Multi-platform distribution format (Was: Backups [was

Johnny Billquist bqt at
Mon Sep 21 09:52:30 CDT 2015

Not that I care what Holm Tiffe smokes, but I can at least comment what 
you write, Tony. :-)

On 2015-09-21 16:02, tony duell wrote:
> [Russian PDP11-a-like]

All bets are off when we talk about clones, since they might be rather 
different in details...

>> I've tried to boot an RX01 Floppy in RX02 mode, that failed on all disks
>> I've tried. Is an original RX02 able to boot (RT11) from an RX01 disk?
> As far as I know, it can't. An RX02 can read/write an RX01 disk, but the software
> interface to the controller is so different (the RX)2 uses DMA, the RX01 doesn't for
> one thing) that the RX02 cannot boot an RX01 disk.

Of course an RX02 *drive* can read an RX01 *floppy*. And yes, a system 
with an RX211 and an RX02 *drive* can boot from a floppy that what 
written by an RX01 *drive*. But you need the boot code for an RX211 
controller, and that boot code also needs to handle RX01 format 
floppies. If the boot sector on the floppy is for an RX11, then no, an 
RX211 will not understand things. The programming model for the two 
controllers are different. You need different device drivers.

But this is really a question about the controller and the software 
running it, not the floppy or the drive.

>> I know that a different device driver has to be used  normally, but I had
>> no RX02 media and wasn't able to make one, since the machine has no other
>> drives connected and the card cage is mechanically not compatible (metric
>> dimensions including the fingers).
>> I know that in the RX02 Mode the Drive has an format track command that
>> doesn't exist in RX01 mode, that's documented. How about the RX02?
> The RX02 has a 'set density' command that can be used to reformat a
> formatted single density disk as double density.

Yes. And it's just flipping a bit in the sector header. And the drive 
changes between the densities for the data part of each sector. So you 
can actually have different densities on a per-sector basis with an RX02 

>> Is there somewhere a picture from the Conteroller PCB of the DEC RX02
>> (just to look at). The russian controller has a 2910 and four 2901 if
>> I remember correctly... (K1804VU1 and 4xK1804VS1)
> The RX02 drive contains a couple of 2901s and a few of the sequencer chips
> (I think 2911s, maybe 2909s).
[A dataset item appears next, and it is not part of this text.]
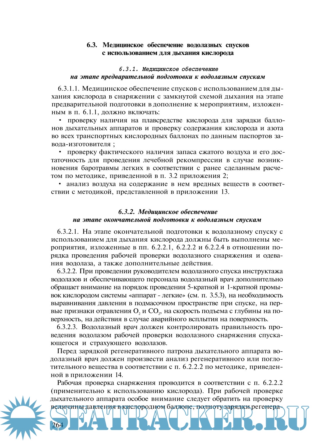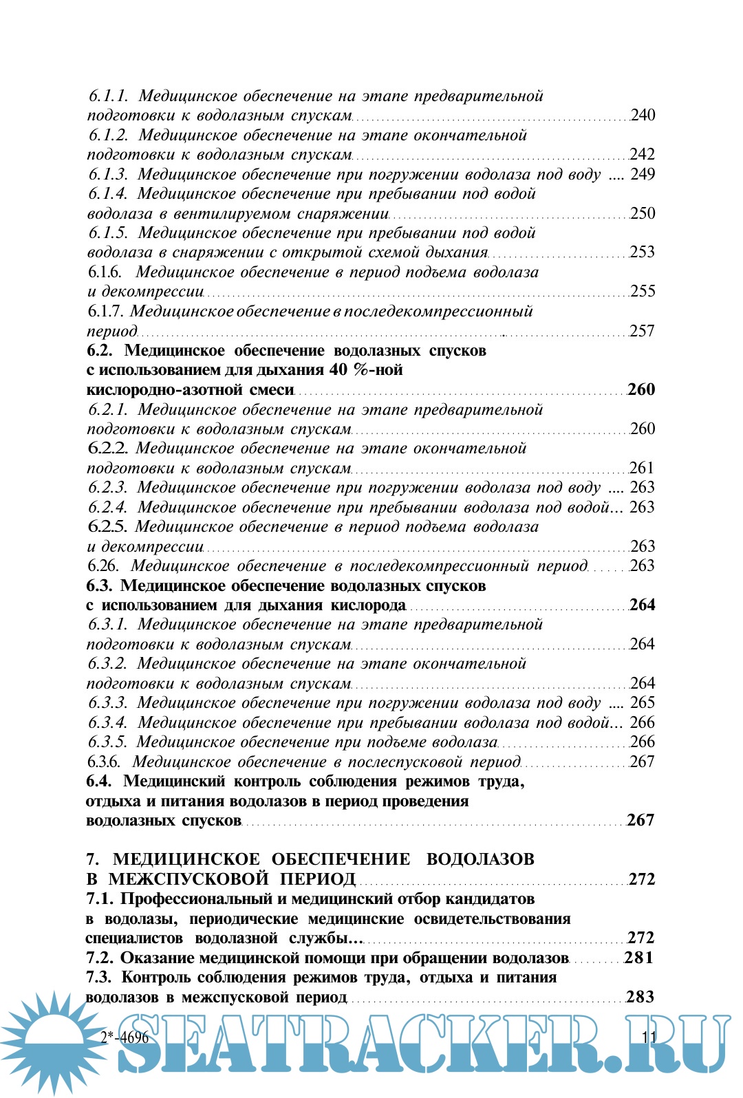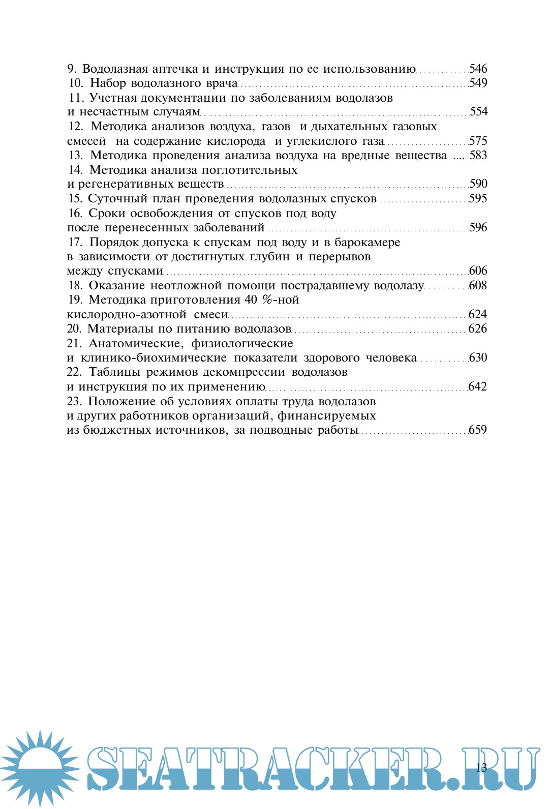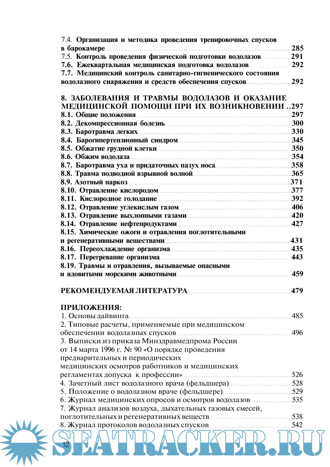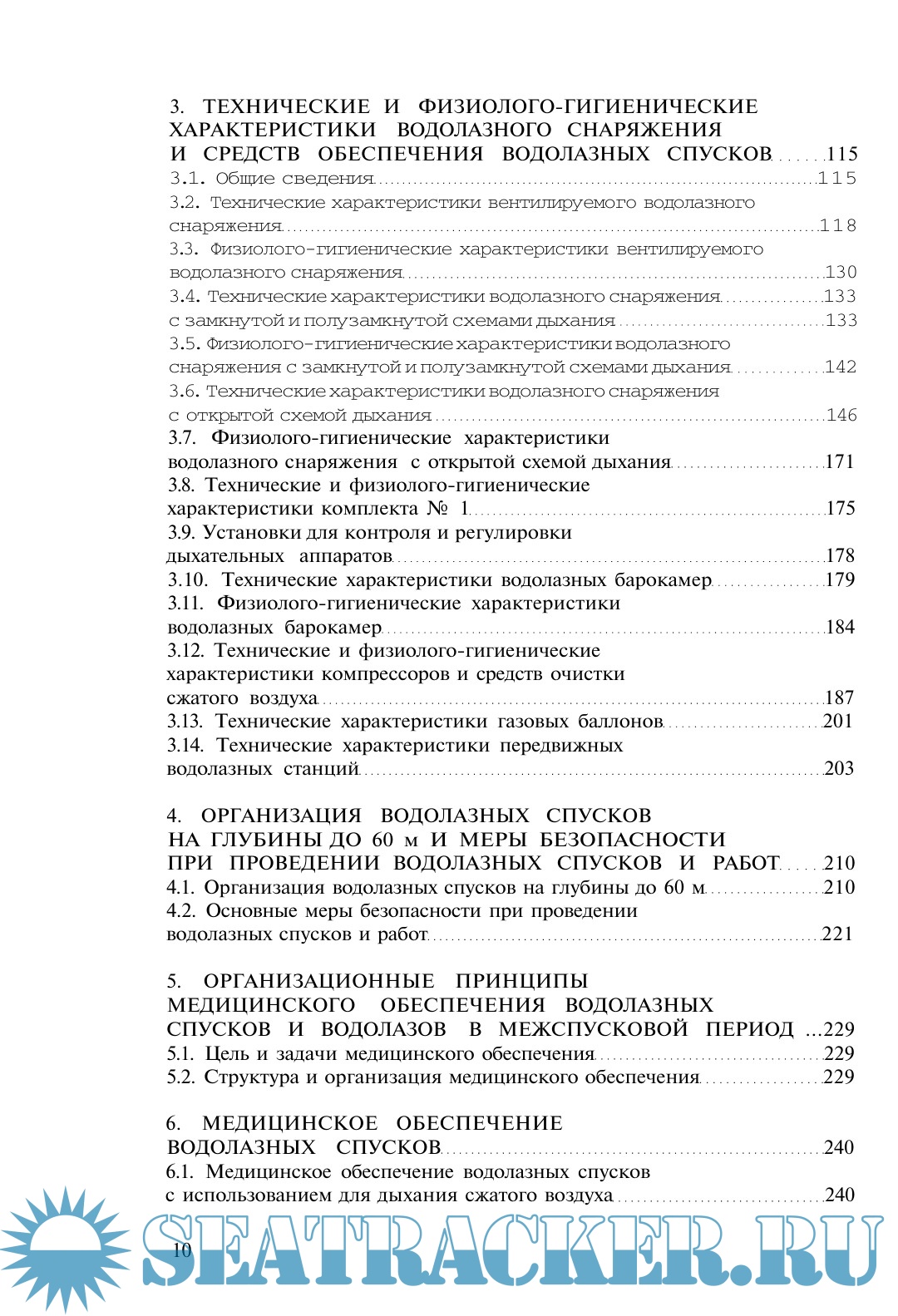 Описание: Книга посвящена спускам под воду на глубины до 60 м и в аварийных ситуациях до 80 м в различных видах водолазного снаряжения с исполь-зованием для дыхания сжатого воздуха, кислорода и 40 %-ной кислородно-азотной смеси, тренировочных спусков в барокамере под давле-нием до 100 м вод.ст., медицинскому обеспечению водолазных спусков и водолазов в межспусковой период. В ней приведены сведения по истории развития водолазного снаряжения и водолазной медицины, технические и физиолого-гигиенические характеристики водолазной техники, опасные и вредные факторы водной и гипербарической воздушной сред, излагаются организация и методика водолазных спусков и их медицинского обеспечения, данные по этиологии, патогенезу, клинике, лечению и профилактике специфических и неспецифических заболеваний водолазов. Представлены основы дайвинга (водолазных спусков по международным правилам), положение об условиях оплаты труда водолазов.

I've seen a 3rd party Qbus card that connected to
> normal Shugart drives and which could red/write RX02 disks, I think that had
> a couple of 2901s and a 2910 on it.

What people need to understand is that there are a bunch of controllers 
and combinations. If we just contain our self to Unibus controllers, we 
have two. The RX11 and RX211. The RX11 works with both the RX01 and 
RX02. However, an RX02 needs to be set in an RX01-compatible mode if 
used with an RX11 (a couple of dip-switches in the drive). And that also 
turns it into essentially an RX01 (can't deal with double density within 
the RX11 interface). The interface to an RX01 is different than the 
interface to an RX02, even though they use the same flat cable.

The RX211 can be used with both an RX01 and an RX02, as far as I can 
remember. But that implies that there would need to be some switch or 
jumper on the RX211 in order to interface it with an RX01 (or some 
automatic detection), and I can't remember seeing that. But it might 
just be my memory failing me.
But the RX211 works differently than the RX11, so from a program point 
of view, they are totally different.

The RX02 drive, then, in turn, can read and write both RX01 and RX02 
floppies. No special tricks are required. The drive will detect, for 
each sector, which format it is in, and will switch mode accordingly, 
and return the right about of data (RX02 sectors holds 256 bytes, while 
RX01 sectors holds 128 bytes). The software can thus also easily see 
what type of floppy it is reading.
RX211 device drivers obviously then can handle both RX01 and RX02 
floppies, when used with an RX02 drive. And from the software point of 
view, the sectors just contains different amount of data.